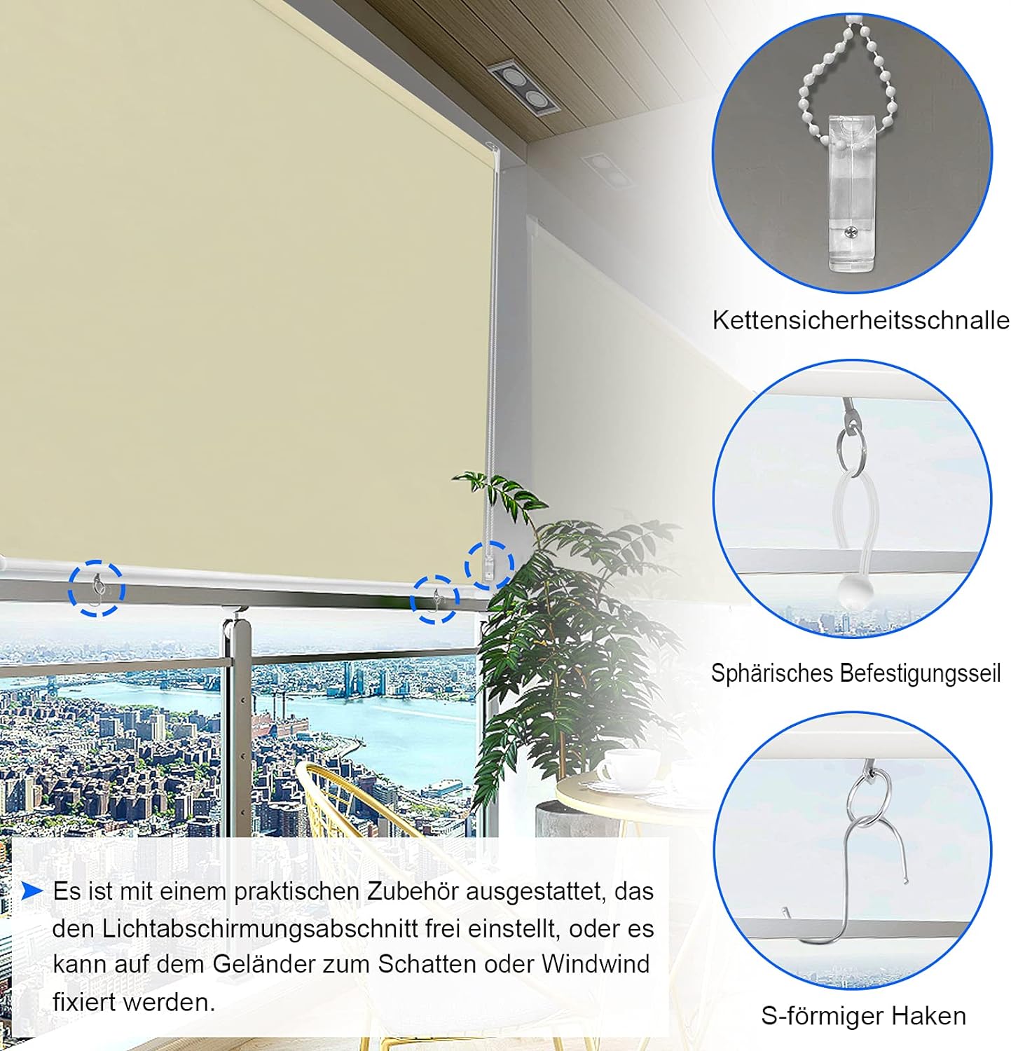 - Einfache Bedienung - Die Aussenjalousien müssen nur manuell auf die gewünschte Länge gezogen und dann verriegelt werden. Die Jalousien können bis zu 140 cm / 240 cm ausgezogen werden und können mit einem feuchten Tuch gereinigt werden.
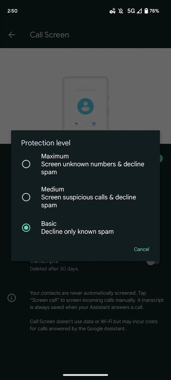このベータ版は、Googleが5月中旬に発表し、今日まで水面下でテストされていました。この通話アプリのベータ版で行われている変更の1つが「設定UIの更新」です。新しい「保護レベル」の設定は以下の3つに簡素化されています。
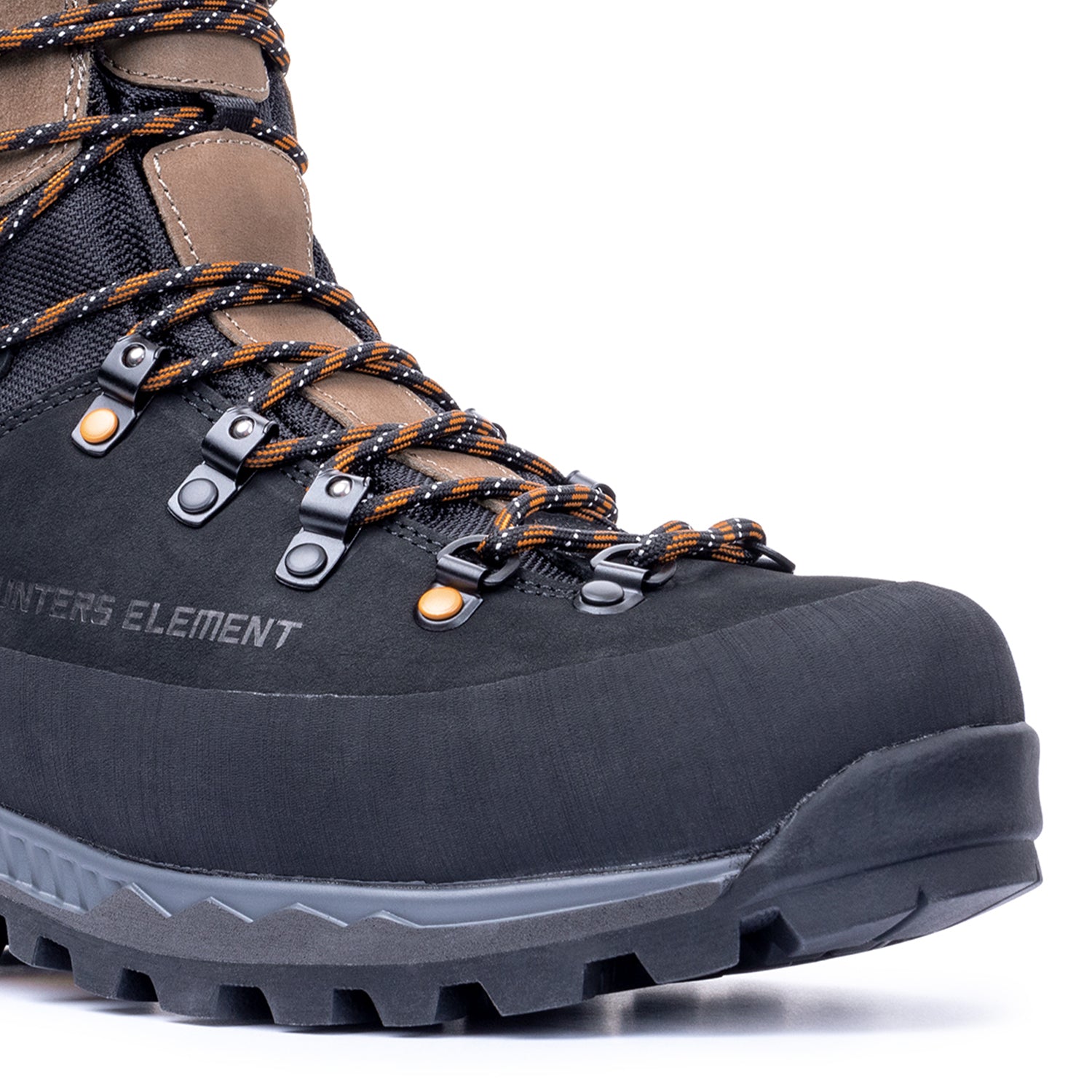The Element is the ultimate tough, heavy-duty, day-in-day-out hunting boot. The high ankle and new lace-locking system give your foot complete support. The firm shank and full rand make it bulletproof and stable in the rockiest country.
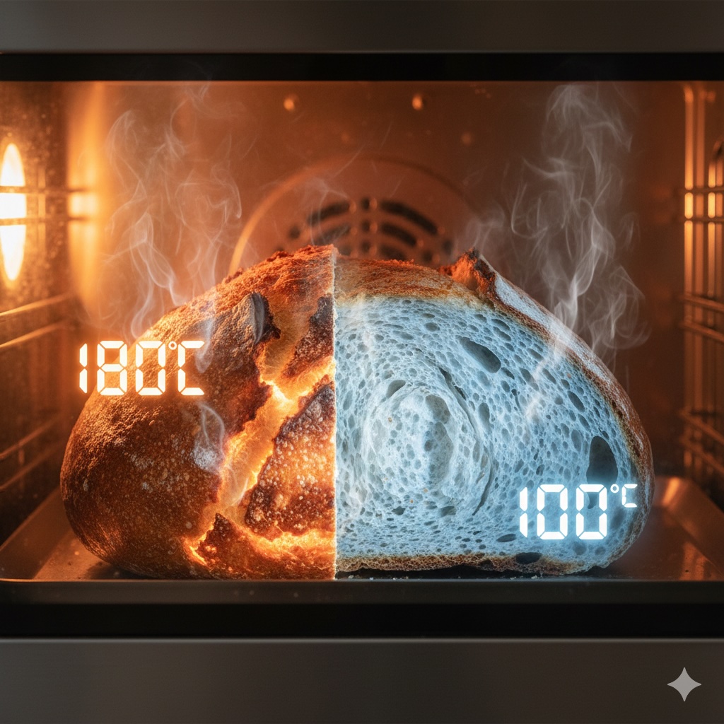 - 表面の乾燥と高温: 一方、オーブンの熱に直接さらされる表面は、水分が急速に蒸発して乾燥します。水分がなくなると温度は一気に 150度 を超え、メイラード反応という名の「芸術」が爆発的に進行するのです。
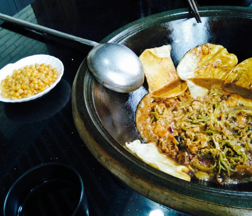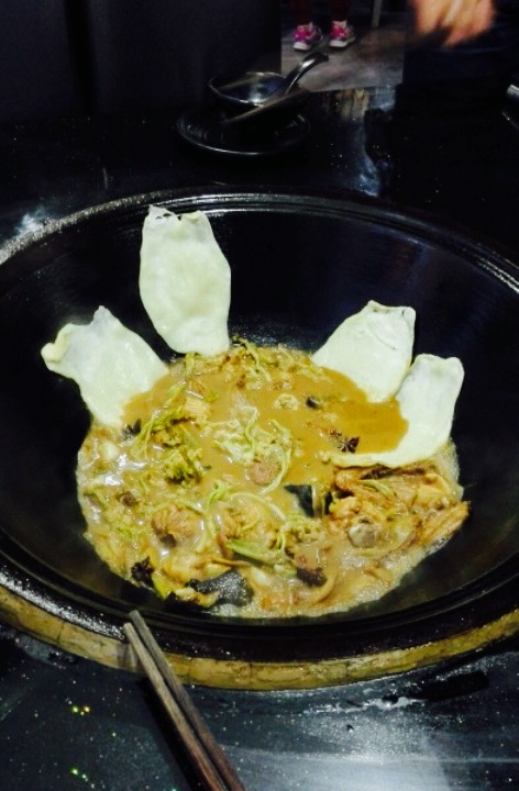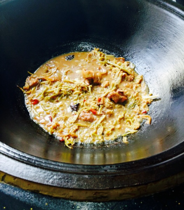 吃了好几天了,一直没空写网友攻略。我们吃的柴鸡套餐。都是人到了之后现烧的,原料一目了然,很整洁。鸡的分量好多,干花菜吸足了鸡汤的香醇,吃起来别有风味,并且又不会像新鲜花菜那样烂掉。大块大块的鸡味道也不错,最美味的还是五花肉,一点也不肥。锅上再贴上几个饼,在汤汁里泡一下,别提多满足了。
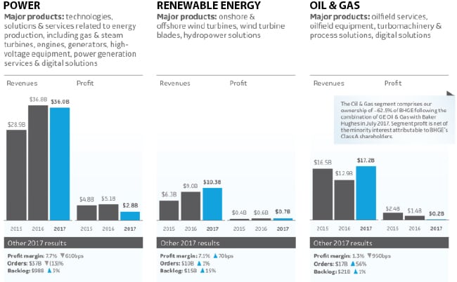 - Dismal earnings. Diminished profit margins from GE’s power unit were partly to blame for company financial results that were “significantly below … expectations” overall, GE said in its February 26-released 2017 Annual Report. GE’s other energy units also faced headwinds. The renewable energy unit got a boost from strong revenue and orders growth from wind turbine repowering projects, even if it grappled with increasing pricing pressure and a need for innovation owing to continued competitive pressure from other wind turbine producers and energy sources. The oil and gas segment’s profit margins hinged on a volatile oil market, but GE expects stabilization, forecasting “strength in short-cycle businesses driven by North America onshore activity.” Courtesy: GE, 2017 Annual Report, (GE 2017 Form 10-K)
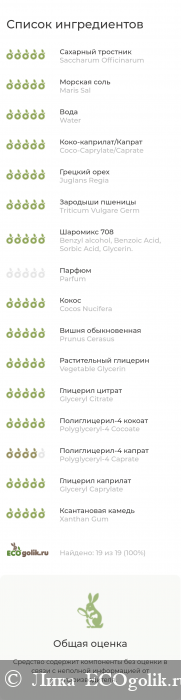 Почти все ингредиенты в составе отличники, без оценки остался только парфюм, производитель утверждает, что ароматизатор пищевой и у меня нет никаких сомнений, т к запах приятный и совсем не "режет" нюх.
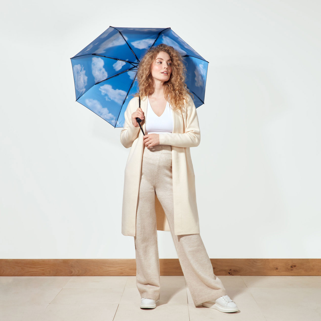 回収されたペットボトルを洗浄・粉砕して作られたリサイクルペット素材を使用し、通常のポリエステルよりも焼却時の二酸化炭素排出量を削減。内側に描かれた⻘空と⽩い雲が、雨の日も明るい気分にしてくれる。
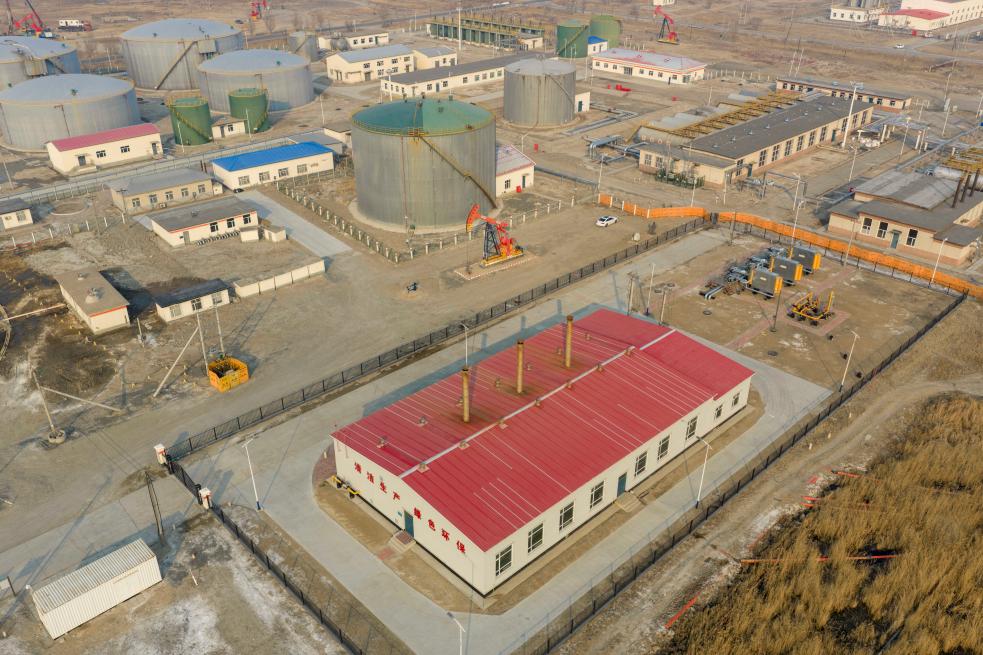 25日、大慶油田初の産業廃熱利用プロジェクト「喇360」ヒートポンプステーション。(ドローンから、大慶=新華社記者/王松)
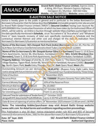 Mortgage of Unit No. 8, 15th Floor, Tower-3, "The Ozone Park Apartments" Village Baselwa, Tigaon Road, Sector-86, Tehsil & District-Faridabad, Haryana:121002, Bounded by: North: Open/Park, South: Entry/Passage/Flat 15C, East: Open/Road, West: Lifts
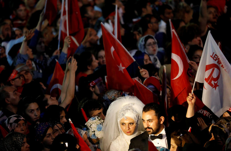 A bride and a groom attend a ceremony marking the first anniversary of the attempted coup in front of the Turkish Parliament in Ankara, Turkey on July 16, 2017.
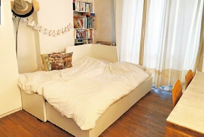 日中はベッドをソファにして空間を有効利用。大きな窓が開放感を演出して、部屋を広々と見せてくれます。ソファ脇には夫婦のクローゼットと、とのさんの仕事コーナーが。
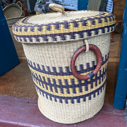 Coloured Lidded Laundry Basket - Purple and Yellow
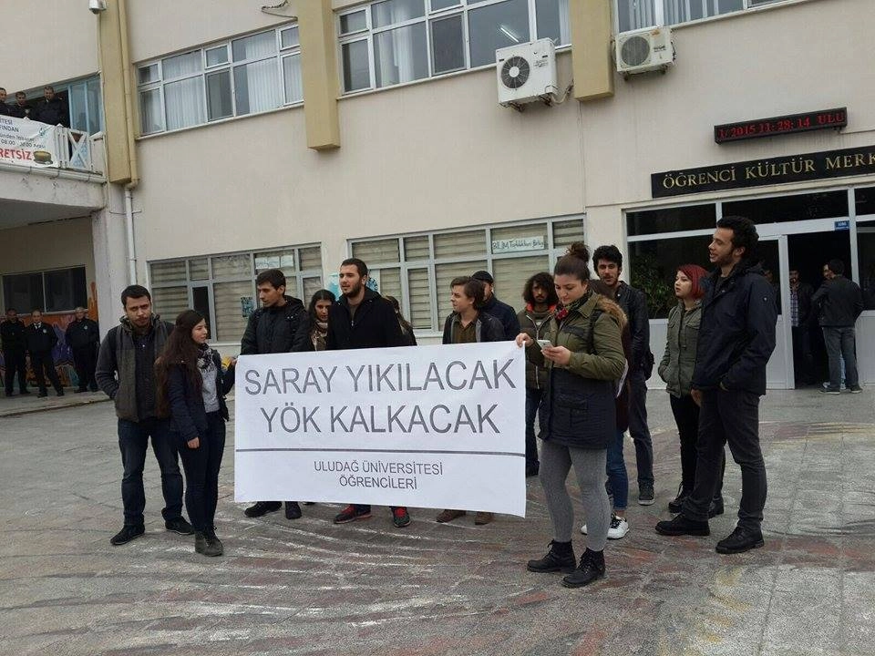 Darbenin üniversitelerdeki ayak sesi olan YÖK'ün kuruluşunun yıldönümünde Uludağ Üniversitesi öğrencileri YÖK'ü protesto etti. 6 Kasım 1981'de darbe sonrası üniversiteleri baskı altına almak için kurulan YÖK'e karşı bugün üniversiteliler sokaktaydı. Uludağ Üniversitesi öğrencileri Mediko Sosyal Tesisleri önünde buluşan öğrenciler AKP'ye ve ona hizmet eden YÖK'e karşı tüm üniversitelileri mücadeleye çağırdı. Uludağ Üniversitesi öğrencileri adına açıklama yapan Muhammed Ali Aytaç, Erdoğan'ın başkan olmak için tüm ülkede başlattığı savaşa şahit olduklarını ve muhalif olan herkesi susturmaya çalıştığını söyledi. Aytaç durumun üniversitelerde de farklı olmadığını belirterek, "Erdoğan, darbe kurumu olan ve bugün AKP'ye hizmet eden YÖK ve Erdoğan'ın başkanlık hayalleri için öldürülen arkadaşlarımızın hesabını sorarken, Erdoğan yandaş rektörleri aracılığıyla üniversitelere polis sokmaktan, ÖGB'lerle öğrencilere saldırmaktan geri durmuyor." dedi. Aytaç, üniversiteliler olarak rektörlerin Erdoğan'ın peşinden gitmemeleri gerektiğini belirterek, "Saraya, sarayın YÖK'üne ve yandaş rektörlerine karşı barışı ve özgürlüğü savunmaya devam edeceğiz." şeklinde konuştu.
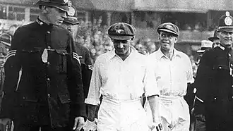 In a response to the record-breaking feats of Don Bradman, the English team that toured Australia in 1932–33—led by Douglas Jardine—adopted a tactic of fast, short pitched bowling directed at the body, later known as Bodyline.[66] While Bodyline sought to curb Bradman, it was used against all the Australian batsmen, including Ponsford. After being bowled twice behind his legs—by Larwood for 32 in the first innings and for two in the second innings by Bill Voce—in the first Test at Sydney, Ponsford was omitted from the team for the second Test at Melbourne.[67][68] Ponsford returned for the third Test in Adelaide, batting down the order.[69] The Test was controversial and highly acrimonious; several Australian batsmen—including Woodfull and Bert Oldfield—were hit on the body and head from the English fast bowling.[70] Ponsford was hit on several occasions during his innings of 85; he chose to turn his torso and take the rising balls on his body—especially on his left shoulder blade and backside—rather than risk a catch to the leg side fielders.[71] When Ponsford returned to the dressing room after his dismissal, his teammates were amazed by the mass of bruises that covered his back and shoulders.[72] Ponsford remarked to Bill O'Reilly, "I wouldn't mind having a couple more if I could get a hundred."[73]
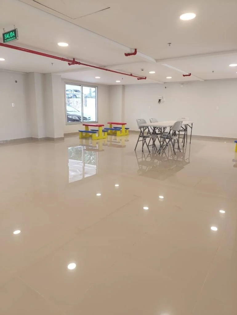Amenities en Planta Baja ( piscina, gimnasio, salón con parrilla climatizado, sala de juegos para niños climatizado, cancha multiuso, quincho con parrilla, areas verdes, y parque para niños)

---+---

Using the entries above, transcribe exactly from the line that has "このベータ版は、Google" through the line that has "吃了好几天了,一直没空写网友". Pictures are dropped.

* [Problem solution]:
このベータ版は、Googleが5月中旬に発表し、今日まで水面下でテストされていました。この通話アプリのベータ版で行われている変更の1つが「設定UIの更新」です。新しい「保護レベル」の設定は以下の3つに簡素化されています。
The Element is the ultimate tough, heavy-duty, day-in-day-out hunting boot. The high ankle and new lace-locking system give your foot complete support. The firm shank and full rand make it bulletproof and stable in the rockiest country.
 - 表面の乾燥と高温: 一方、オーブンの熱に直接さらされる表面は、水分が急速に蒸発して乾燥します。水分がなくなると温度は一気に 150度 を超え、メイラード反応という名の「芸術」が爆発的に進行するのです。
 吃了好几天了,一直没空写网友攻略。我们吃的柴鸡套餐。都是人到了之后现烧的,原料一目了然,很整洁。鸡的分量好多,干花菜吸足了鸡汤的香醇,吃起来别有风味,并且又不会像新鲜花菜那样烂掉。大块大块的鸡味道也不错,最美味的还是五花肉,一点也不肥。锅上再贴上几个饼,在汤汁里泡一下,别提多满足了。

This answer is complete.